This ASM x86 function calculates the length of a null-terminated string. It iterates through the string character by character until it encounters the null terminator (ASCII 0). This is a fundamental operation used in ma...

The `calculate_string_length` function takes a pointer to a string in `rdi` and returns its length in `rax`. It first checks if the input pointer is null; if so, it returns -1. Otherwise, it initializes a counter `rax` to zero. The function then enters a loop, loading each byte of the string into `cl`. If `cl` is zero (the null terminator), the loop terminates. Otherwise, the counter `rax` is incremented, and the loop continues. This approach has a time complexity of O(n), where n is the length of the string, as each character is examined once. The space complexity is O(1) as it only uses a few registers. The invariant maintained is that `rax` always holds the number of characters processed so far that are not the null terminator. The loop correctly terminates upon finding the null byte, ensuring accurate length calculation.

FUNCTION calculate_string_length(string_pointer): IF string_pointer IS NULL THEN RETURN -1 END IF length = 0 LOOP: current_char = character at (string_pointer + length) IF current_char IS 0 THEN EXIT LOOP END IF length =...

This ASM x86 function computes the factorial of a non-negative integer recursively. The factorial of n (n!) is the product of all positive integers less than or equal to n. This function includes checks for negative inpu...

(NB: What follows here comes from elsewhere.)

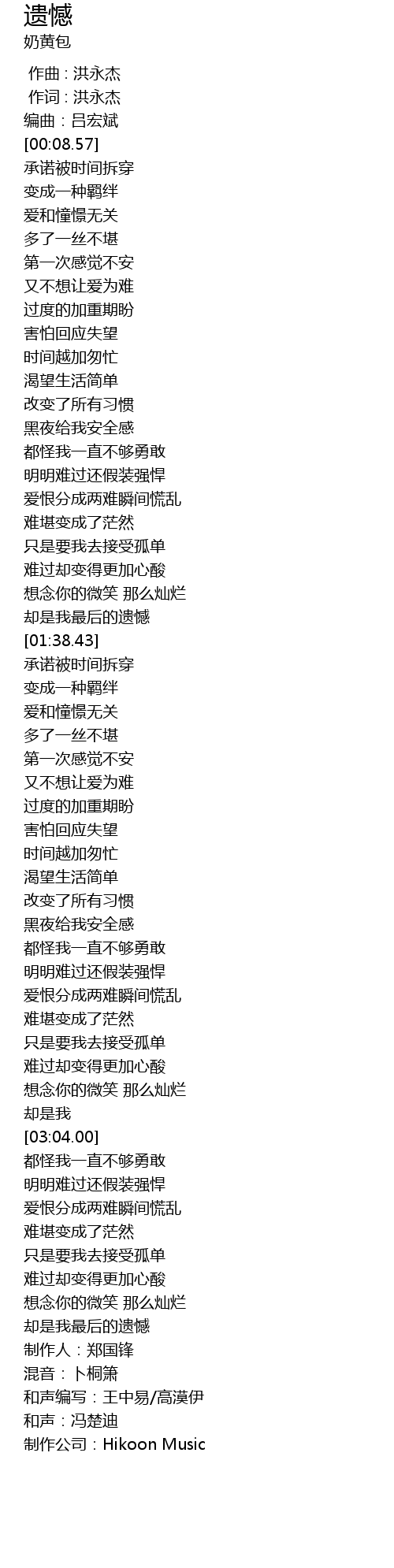 | [03:41.38] | 和声编写:王中易/高漠伊 |
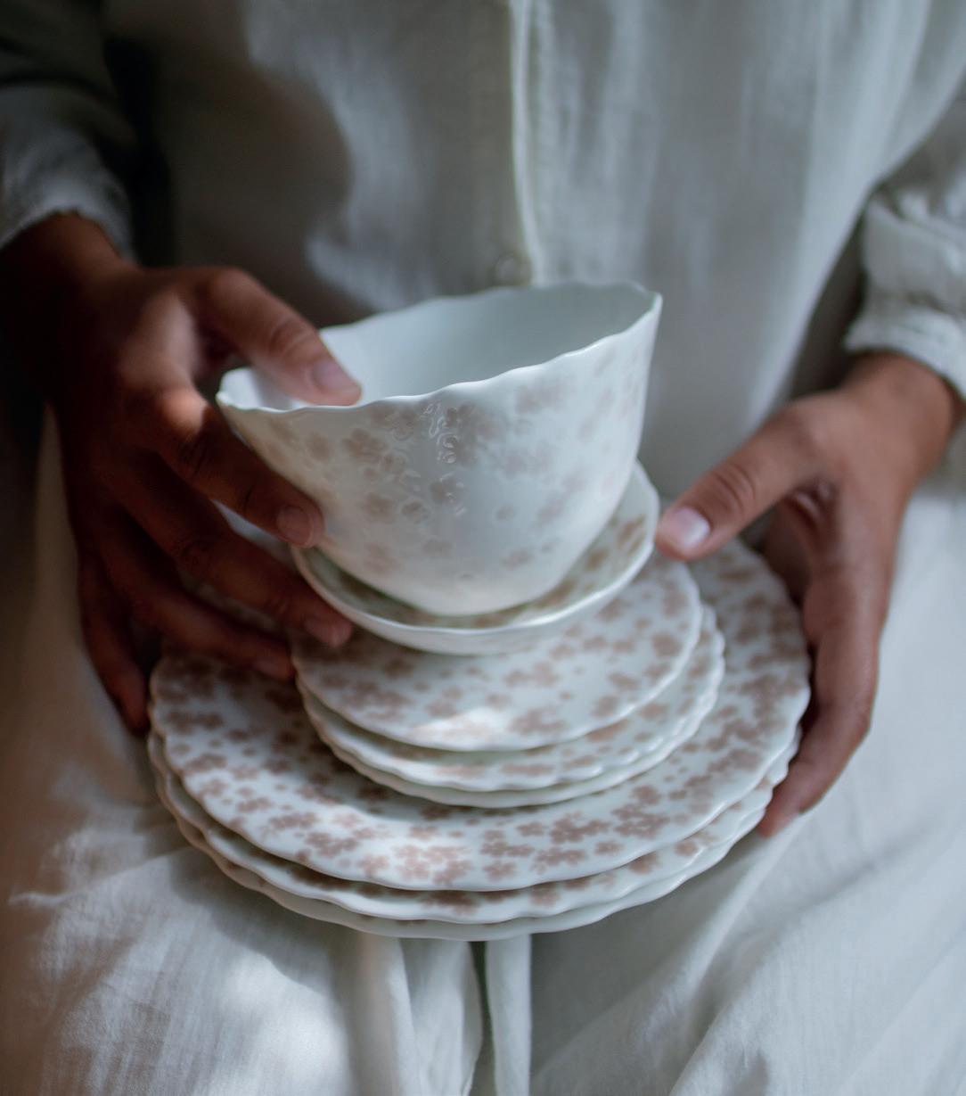 “Light and airy illustrations, as if carried across the porcelain by the wind.”

The `recursive_factorial` function calculates n! using recursion. It handles base cases: n=0 returns 1, and negative n returns -1. For n > 0, it recursively calls itself with n-1, stores n on the stack, and then multiplies the result of `factorial(n-1)` by n. The core challenge is detecting overflow. The `imul rdi, rcx` instruction is used, which sets the overflow flag (OF) if the result of the multiplication `rdi * rcx` cannot fit into a 64-bit register. If the OF is set, the function returns -1. The time complexity is O(n) due to n recursive calls, and the space complexity is O(n) due to the recursion depth on the stack. The invariant is that before the multiplication `imul rdi, rcx`, `rcx` holds `(n-1)!` and `rdi` holds `n`. The overflow check ensures that the intermediate and final results remain within the representable range of a 64-bit signed integer.

FUNCTION recursive_factorial(n): IF n < 0 THEN RETURN -1 // Error: Negative input END IF IF n == 0 THEN RETURN 1 // Base case END IF // Recursive step previous_factorial = recursive_factorial(n - 1) IF previous_factorial...

This ASM x86 code implements a matrix multiplication routine (C = A * B) optimized for speed using AVX2 SIMD instructions. It processes data in 256-bit (32-byte) chunks, performing 4 double-precision floating-point opera...

The `multiply_matrices_avx2` function computes C = A * B for N x N matrices, where N is a multiple of 8. It uses three nested loops: the outer loop iterates through rows of C (i), the middle loop iterates through columns of C (j), and the inner loop iterates through the dot product elements (k). The key optimization is the inner loop: instead of processing one element at a time, it loads 8 doubles from row i of A and 8 doubles from column j of B into YMM registers (`ymm1`, `ymm2`). These vectors are then multiplied (`vmulpd`) and accumulated into a sum vector (`ymm0`) using `vaddpd`. Finally, the accumulated sum vector is stored into C[i][j]. This vectorized approach leverages the parallelism of AVX2, performing 4 operations per clock cycle per YMM register. The time complexity is O(N^3), but the constant factor is significantly reduced compared to scalar multiplication. Space complexity is O(1) beyond input storage.

FUNCTION multiply_matrices_avx2(ptrA, ptrB, ptrC, N): SAVE registers (rbp, rbx, r12-r15) FOR i FROM 0 TO N-1: FOR j FROM 0 TO N-1 STEP 8: INITIALIZE sum_vector YMM0 to {0.0, ..., 0.0} ptrA_row_i = ptrA + i * N * sizeof(d...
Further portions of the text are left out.